Can we efficiently train a very effective dense passage retriever? Yes, with Balanced Topic Aware Sampling! Let me introduce our #sigir2021 full paper: We compose batches based on query clusters and ...🧵
— Sebastian Hofstätter (@s_hofstaetter) April 15, 2021
w/ @jacklin_64 @mattjustram @lintool @allanhanbury https://t.co/sH4ToSL2l0 pic.twitter.com/N7zYCSuxHy
16. Can Active Learning Preemptively Mitigate Fairness Issues?

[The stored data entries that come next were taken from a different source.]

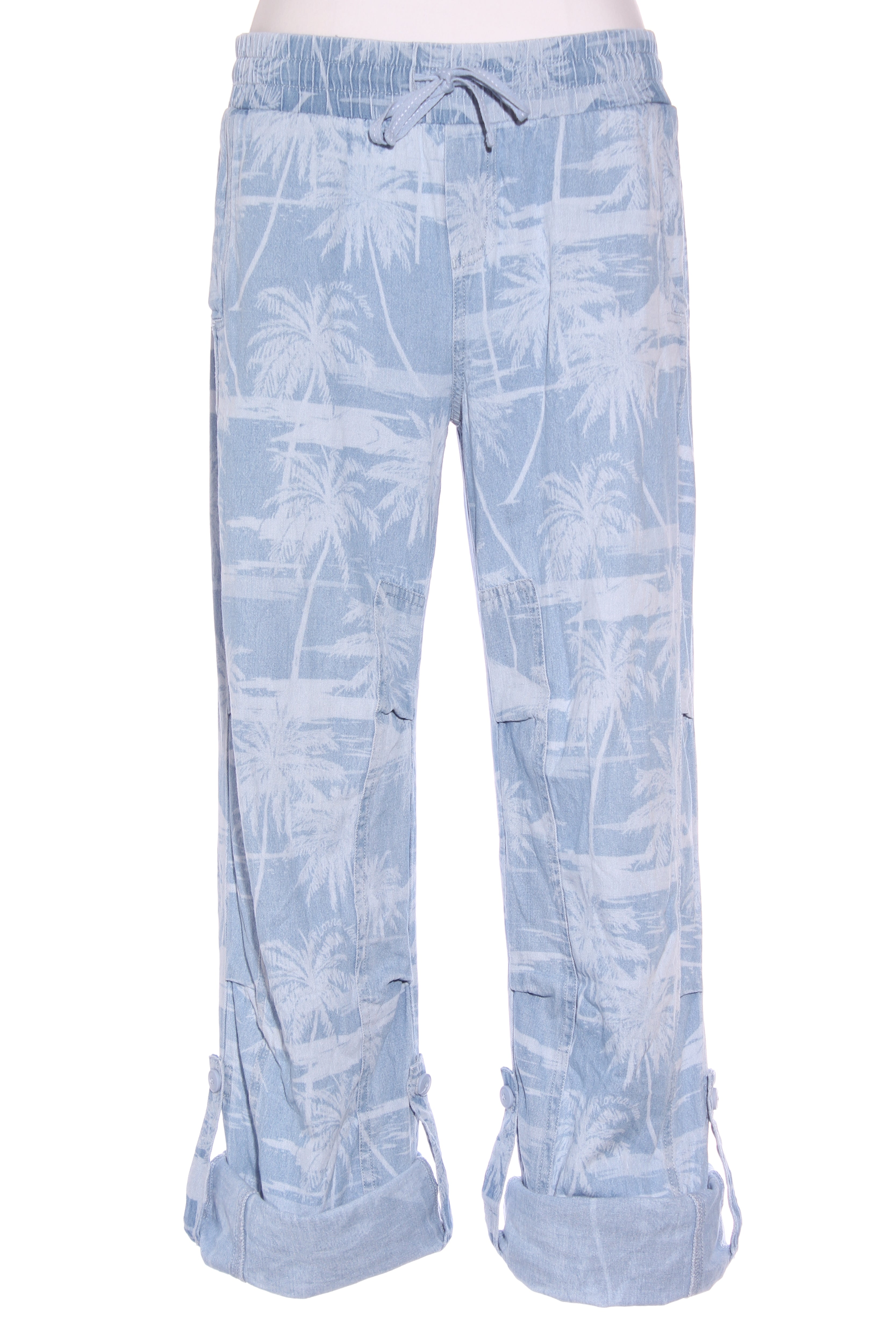 SIZE ON TAG: MFITS LIKE: 12COLOUR: BlueFABRIC: CottonCONDITION: Excellent prelovedMEASUREMENTS:WAIST: 42cms HIPS: 55cms RISE: 27cms LENGTH: 56-69-82cms (From crotch to end of pant)NOTES: Elasticated...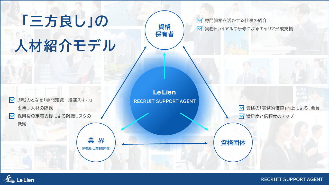 当社は、これまでの事業で培った全国の士業・葬儀社ネットワークと、各種資格団体との提携を活かし、以下の「持続可能な人材紹介モデル」を構築します。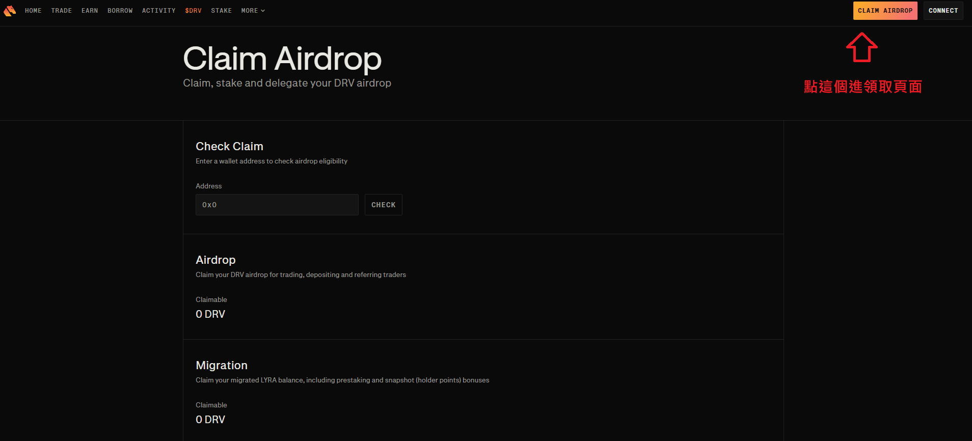 1. Après être entré sur le site officiel de Derive, cliquez sur "CLAIM AIRDROP" en haut à droite.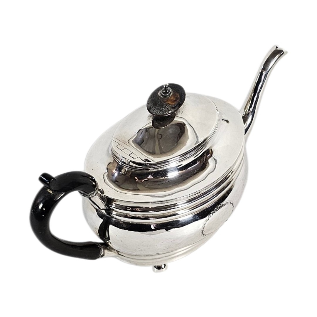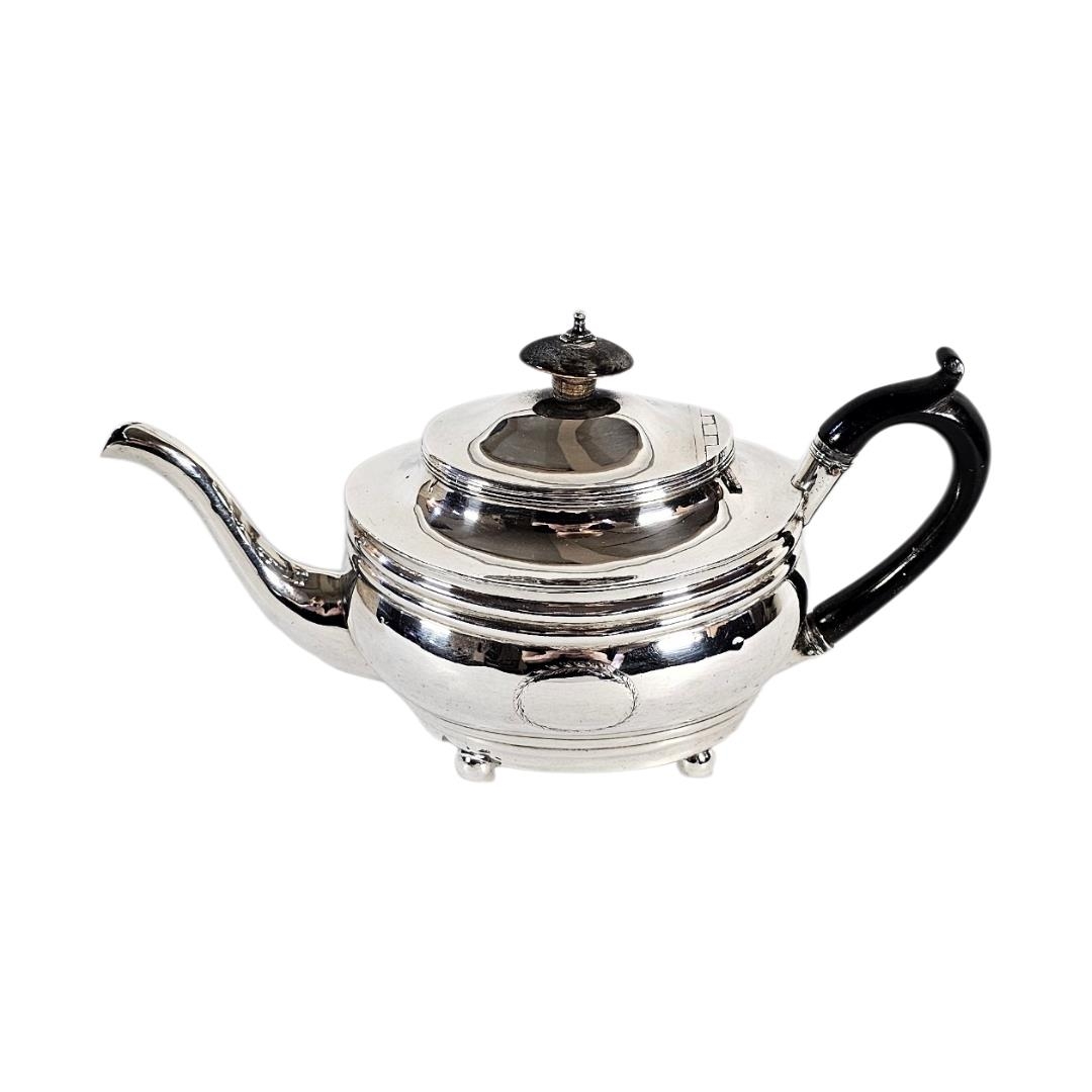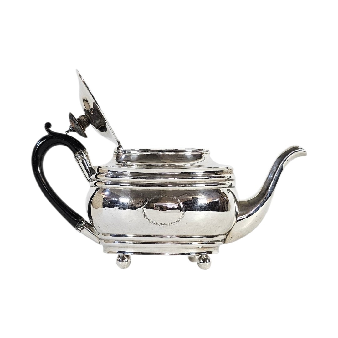 With engraved cartouche, having ebonised finial and handle, hallmarked WH, London, 1807.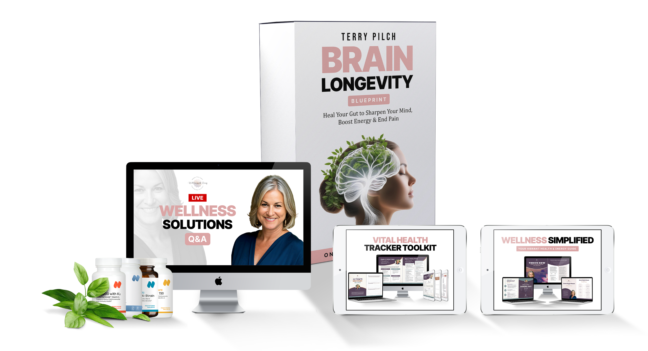 The Brain Longevity Blueprint is a transformative 6-step system designed by Terry Pilch, Certified Functional Nutrition Practitioner, after 15 years of guiding clients back to vibrant health, especially those who felt like they’d tried everything and were ready to give up.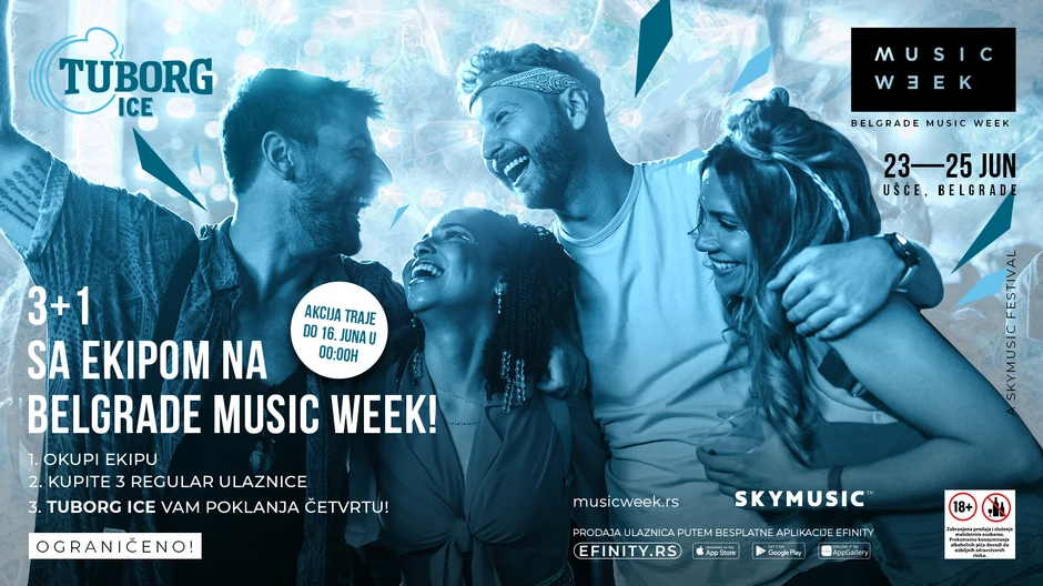 Omiljena akcija fanova Tuborg Ice 3+1 za Belgrade Music Week je počela! Ukoliko želiš da sa svojom ekipom uživaš u spektakularnim nastupima više od 30 superzvezda nove generacije koji kreiraju novo lice muzičke industrije, sve što je potrebno jeste da kupiš tri regular dnevne ulaznice po aktuelnim promotivnim cenama, a TUBORG ICE će te nagraditi četvrtom, GRATIS!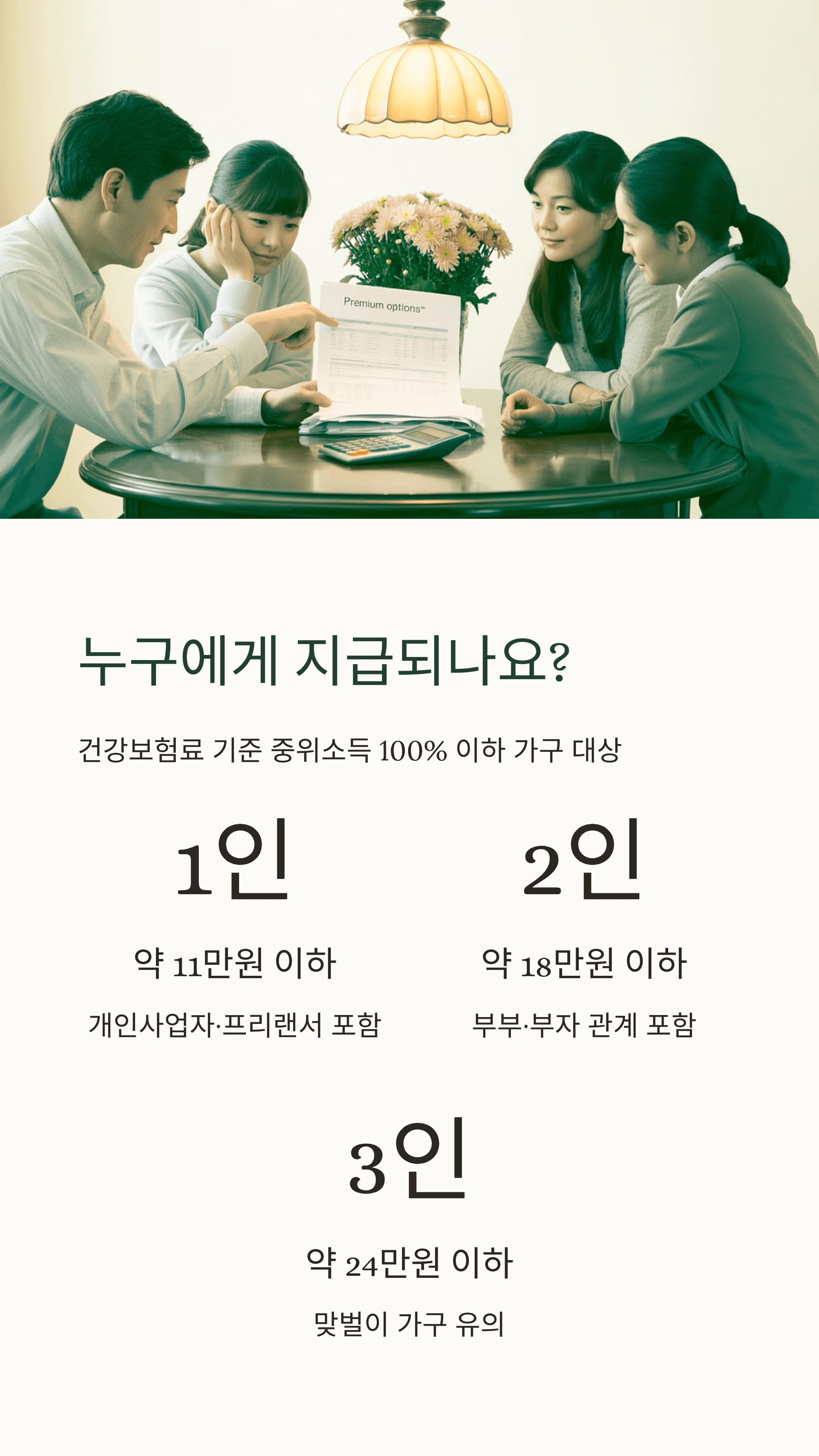 | 3인 가구 | 약 24만 원 이하 | 맞벌이 가구 유의 |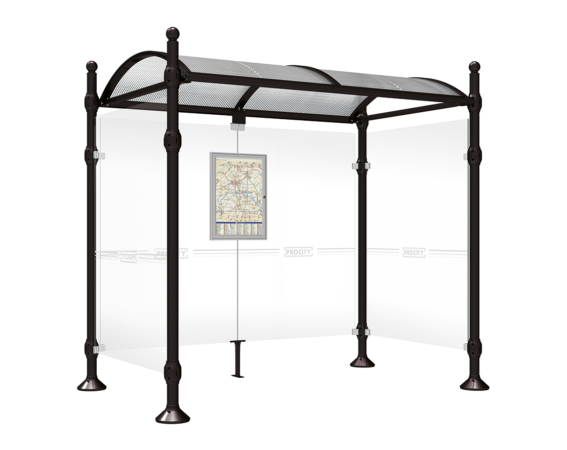Wartehalle Province Kugel Farbe:RAL 9005|Länge:2500 mm|Struktur:Mit 2 Seitenverkleidungen

Frédéric Branchaud-Charron, Parmida Atighehchian, Pau Rodríguez, Grace Abuhamad, Alexandre Lacoste
Dataset bias is one of the prevailing causes of unfairness in machine learning. Addressing fairness at the data collection and dataset preparation stages therefore becomes an essential part of training fairer algorithms. In particular, active learning (AL) algorithms show promise for the task by drawing importance to the most informative training samples. However, the effect and interaction between existing AL algorithms and algorithmic fairness remain under-explored. In this paper, we study whether models trained with uncertainty-based AL heuristics such as BALD are fairer in their decisions with respect to a protected class than those trained with identically independently distributed (i.i.d.) sampling. We found a significant improvement on predictive parity when using BALD, while also improving accuracy compared to i.i.d. sampling. We also explore the interaction of algorithmic fairness methods such as gradient reversal (GRAD) and BALD. We found that, while addressing different fairness issues, their interaction further improves the results on most benchmarks and metrics we explored.